O ambiente estava pesado, um dos formandos já estava com cara de cu.
- Mas que javardice é esta? – Gritou a Doutora Sem Canudo, interrompendo-me a meditação.
Tinha dado de caras com um vaso xungoso, cheio de lixo e com um pau carunchoso armado em rosa.
- É o Cantinho da Pilca, - explicou a Menina Tatrícia, não se escapando de levar um empurrão da colega de meia idade, que com o desequilíbrio caiu ela aos pés do touro.
- Dona Pilca, que porcaria é esta? Já não me chegavam os candidatos a “Buffo-Terapeutas” do primeiro andar, e agora é isto? Ainda vem aí uma inspecção e passo a ter três queixosos na fila da porta: a Pirolito, o Cabo Pilas e a Inspectora. Eu vou recolher os donativos do café, atender os queixinhas e quando voltar quero aqui um jardim suspenso.
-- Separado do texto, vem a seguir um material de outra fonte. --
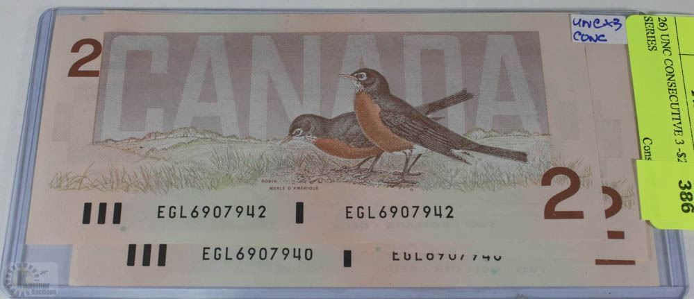 3 CONSECUTIVE SERIAL #'S EGL6907940,1,2 CANADIAN $2 BILLS 1986 THIESSEN CROW

Cinco minutos depois ninguém conseguía passar para o refeitório, pois a Dona Pilca tinha juntado todos os vasos da Venteira e erguera, com raiva, a Floresta Mágica Mongólica. Pelo caminho tinha dado um chuto na velha que insistia em pôr os caniches a cagar na floreira da entrada.
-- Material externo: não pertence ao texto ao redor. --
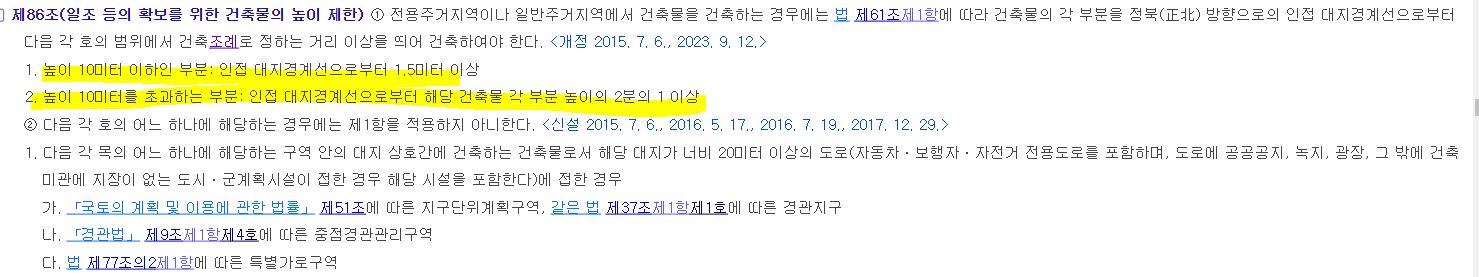 다. 일조 등의 확보를 위한 건축물 높이 제한 완화(안 제86조제1항제1호및 제2호)전용주거지역이나 일반주거지역에서 건축물을 건축하는 경우에는 종전에 정북(正北) 방향의 인접대지경계선으로부터 높이 9미터 이하인부분은 1.5미터 이상, 높이 9미터를 초과하는 부분은 건축물 각 부분높이의 2분의 1 이상을 띄우도록 하던 것을<변경전>

- Agarrem a Lolita, - gritou a Kalélé.
Mas foi tarde de mais. A Lolita embrenhou-se no matagal e não saiu pelo lado do refeitório.
- Não me digas que trouxeste uma planta carnívora, - disse a Pirosa.
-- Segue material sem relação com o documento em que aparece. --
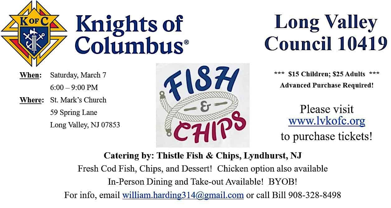 by admin14Feb Fish & Chips Dinner by Thistle Catering at St Mark the Evangelist Roman Catholic Church – Washington Township, NJ Fish & Chips Dinner by Thistle Catering at St Mark the Evangelist Roman Catholic Church – Washington Township, NJ 2 2 people viewed this event. Fish & Chips Dinner by Thistle Fish & Chips hosted by the Long Valley Knights of Columbus Council 10419! In-Person Dining or Take-out! Tickets-RSVP Link Date And Time Saturday, March 7th, 2026 11:00 PM (PST) Venue St Mark the Evangelist Roman Catholic Church Location 59 Spring Lane, Washington Township, NJ 7853 Event Types Food & Drink Event Category New Jersey Share With Friends Facebook Twitter Linkedin Xing Pinterest Share This Post:
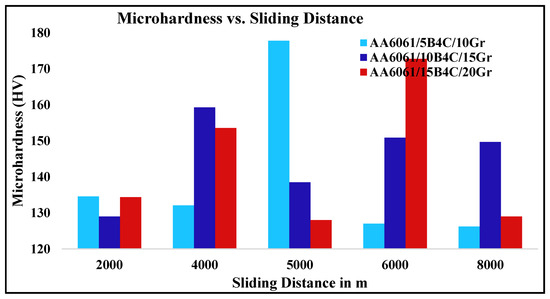 The microhardness of AA6061/B4C/Gr composites increased as the sliding distance increased up to 5000 m. After that, it decreased and stabilized after reaching 6000 m [27]. This behavior change was attributed to strain hardening initially, followed by softening due to wear and the accumulation of reinforcement debris. Creating a transfer layer on the worn surface, also known as the mechanically mixed layer, was responsible for this effect as it enhanced the microhardness values. However, when the sliding distance increased, the MML got saturated, causing the microhardness levels to stabilize.

- Mais uma dessas e deito fogo a isto tudo, - berrou a florista, ficando de imediato com um bigodão, sinal de que a tampa ia saltar a qualquer momento.
Mas havia ainda mais um problema grave: uma “Manifestação de Tísicos”, liderada pela padeira Tareca, que ameaçava partir a loiça toda se não lhe dessem a conhecer a já famosa “Lista dos Bichados”, gamada pelo poder intermédio, mas que conseguira deixar a culpa no colo do Trio Odemira dos Serviços Administrativos, a Sãozinha Júnior, o Pato Donald e a Madame Patológica. Só acalmou quando começaram a distribuir as fotos íntimas do pessoal, que iriam levantar a ponta do véu da “verdade da mentira”.
- Aiiiiiiiii, - gritou a Terapeuta Zézé ao confirmar que o pulmão direito estava meio-cheio de tinto branco da Luz.
- Alto e param os pincéis, - ordenou o senhor Pintor, - eu quero que me digam se morro com o pincel rijo, como sempre desejei, ou que a brocha vai cair de caruncho por causa deste bicho que anda aí à solta?
O caos desta típica aldeia gaulesa da Venteira chegara cedo. Seria um sinal do fim do mundo?